Over the last decades, the technological advances of software for the implementation of digital systems, which are generally finalized to the control of specific applications, has significantly contributed to the simplification of the design processes of digital controllers dedicated for the electrical energy conversion [1]. The Digital Signal Processor (DSP) is a very wide-spread digital controller that allows the implementation of control algorithms through a purely software programming (C or C++). The related hardware, even if composed by several peripherals (e.g., the RAM or the ROM), presents an already designed structure and, therefore, the flexibility of use of the microcontroller is significantly reduced.

The Field Programmable Gate Array (FPGA) is another example of digital controller composed by a matrix of Configurable Logic Blocks (CLBs) with completely reprogrammable connections. Thus, if compared with a DSP, the FPGA ensures a higher flexibility, even if the complexity of the system in the low-level programming is challenging. Moreover, the previously mentioned feature allows the realization of a system of logic operations developed in parallel, reducing the computing time and leading to the achievement of high-performance control systems, which can be even compared with equivalent controllers composed by analogical components [2,3,4,5]. Nevertheless, it has to be highlighted that the adoption of a DSP could generally provide a much faster software development with respect to a FPGA. However, according to [1,2,6], the latter can overcome to some of the major disadvantages of the conventional microprocessor or DSP controls. In fact, as aforementioned, one of the main advantages is the independence between the architecture of the device and the written code. Furthermore, the hardware can be reconfigured in a very easy manner [2].

Moreover, in comparison with Complex Programmable Logic Devices (CPLDs), the adoption of an FPGA allows the design of very complex digital systems, providing higher flexibility with a lower design security and allowing the adoption of Computer-Aided Design (CAD) [1,5].

Several papers in the literature have focused their attention in the field of multilevel converters controlled by FPGA, especially for high-speed control systems [7,8,9,10,11,12,13,14,15,16,17,18]. For instance, Islam et al. [8], as well as Zhou et al. [9], proposed the modeling and experimental evaluation of multilevel inverters control, focusing their interest towards the implementation through FPGA and not on the harmonic content of the voltage waveform for the different modulation techniques. Similar analysis and experimental results are given in [10,11,12], but for different cases of applications. In addition, Aime et al. [13] proposed the use of a FPGA for the Peak Current Control (PCC) in a multilevel inverter: the main tasks of the FPGA architecture, such as ramp generation, dead time creation, switching orders generation, voltage regulation, are well described. Gateau et al. [14] highlight the role of FPGA in the implementation of a digital sliding-mode observer of the flying capacitors in stacked multicell converters (SMCs). Nevertheless, the potential benefits in terms of THD improvement are not extensively proven.

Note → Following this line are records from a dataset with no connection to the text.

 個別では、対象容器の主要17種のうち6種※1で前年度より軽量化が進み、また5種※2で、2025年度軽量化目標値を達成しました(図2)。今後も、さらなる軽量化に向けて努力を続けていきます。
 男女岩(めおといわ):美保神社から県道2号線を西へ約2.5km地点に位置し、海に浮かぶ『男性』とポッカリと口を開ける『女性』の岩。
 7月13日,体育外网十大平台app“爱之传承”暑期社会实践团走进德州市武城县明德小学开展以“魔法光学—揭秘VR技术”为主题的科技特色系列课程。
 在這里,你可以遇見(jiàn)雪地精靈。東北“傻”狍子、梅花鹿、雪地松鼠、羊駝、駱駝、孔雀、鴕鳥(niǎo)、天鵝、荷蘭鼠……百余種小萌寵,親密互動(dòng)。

In [15], Coppola et al. presented an FPGA-based control strategy for Cascade Half Bridge (CHB) inverters: despite a wide exploitation of the FPGA tasks (e.g., Maximum Power Point Tracking, MPPT, and sorting algorithm implementation, dead time generation, measurement stage) the FPGA system is not responsible for the PWM control, which is implemented by a DSP. Moreover, the work described in [16] takes into account only three modulation techniques, also referring several DSP disadvantages such as the increased processing time or a reduced accuracy due to the limited available resources. Mentions of the flexibility of the FPGA system in terms of industry applications can be found in [17,18,19,20,21,22]. In particular recent papers [17,18,20] address the control of modular multilevel converters, and others face the growing application on electrical mobility from battery management systems [19] and traction [21,22,23]. All proposed recent papers report FPGA as the best answer for implementing in real time the control techniques, due to its adaptive parallel processing hardware structure, which permits implementing diverse algorithms with reducing the serial and consecutive operations compared to traditional CPU implementation.

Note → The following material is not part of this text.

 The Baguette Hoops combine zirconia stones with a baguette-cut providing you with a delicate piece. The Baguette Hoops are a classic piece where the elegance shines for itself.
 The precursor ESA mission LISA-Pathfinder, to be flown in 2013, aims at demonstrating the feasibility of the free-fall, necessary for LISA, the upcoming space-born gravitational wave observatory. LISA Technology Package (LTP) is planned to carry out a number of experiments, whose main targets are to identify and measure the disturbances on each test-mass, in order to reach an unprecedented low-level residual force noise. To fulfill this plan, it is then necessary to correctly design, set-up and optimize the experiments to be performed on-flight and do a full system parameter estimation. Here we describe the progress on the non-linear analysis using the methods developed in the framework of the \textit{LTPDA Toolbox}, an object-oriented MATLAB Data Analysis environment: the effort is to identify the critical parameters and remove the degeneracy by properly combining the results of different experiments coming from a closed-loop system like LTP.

In this context, this paper aims to present a detailed investigation and experimental validation on the performances in terms of harmonic distortion of the voltages produced by a cascade h-bridge multilevel inverter, defined in Section 2, controlled by an FPGA and for several modulation techniques. The harmonic content is evaluated by means of the approximate total harmonic distortion parameter, which is defined in Section 5.

Moreover, in the field of the DC-AC conversion systems, multilevel converters, with respect to the traditional ones, provide great advantages such as lower Total Harmonic Distortion (THD) of the waveforms, lower strains to both load and switches and reduction of the issues related to the electromagnetic compatibility. However, the main drawbacks for these converters can be identified in a higher overall cost of the device and a higher complexity for the design of control and command circuits.

Multilevel converters are commonly used for medium voltage/high power applications, as reported in [24]. Furthermore, the use of components with high switching frequencies and low losses (i.e., power MOSFET) allows the multilevel converters to be applied also for low-power and low voltage applications, as reported in [25,26].

In comparison with multilevel converters of the traditional type, higher number of levels can be obtained through particular structures reported in [27,28,29].

Generally, due to the complex structure of the multilevel inverters, several studies have been carried out in order to reduce the number of components. For instance, Jamaludin et al. [30] proposed the use of bidirectional switches with an auxiliary circuit in order to reduce the complexity of a three-phase full-bridge inverter. A hybrid circuital structure was proposed by Gautam et al. [31], in which the number of controlled switches, diodes and DC sources is considerably reduced. Another innovative topology for medium/high voltage is presented in [32], consisting of a series-connected symmetric module and a three-phase inverter. However, the reduction of the number of components leads to a reduction on its flexibility of use and, therefore, innovative control techniques must be developed [33].

In this context, the aim of this paper is to present an experimental investigation of the main Multicarrier Pulse Width Modulation (MC PWM) techniques for a three-phase, five level cascaded H-bridge inverter by means of a FPGA controller-based board, which represents a favorable solution for the design of control systems for inverters, mainly due to its high flexibility of use.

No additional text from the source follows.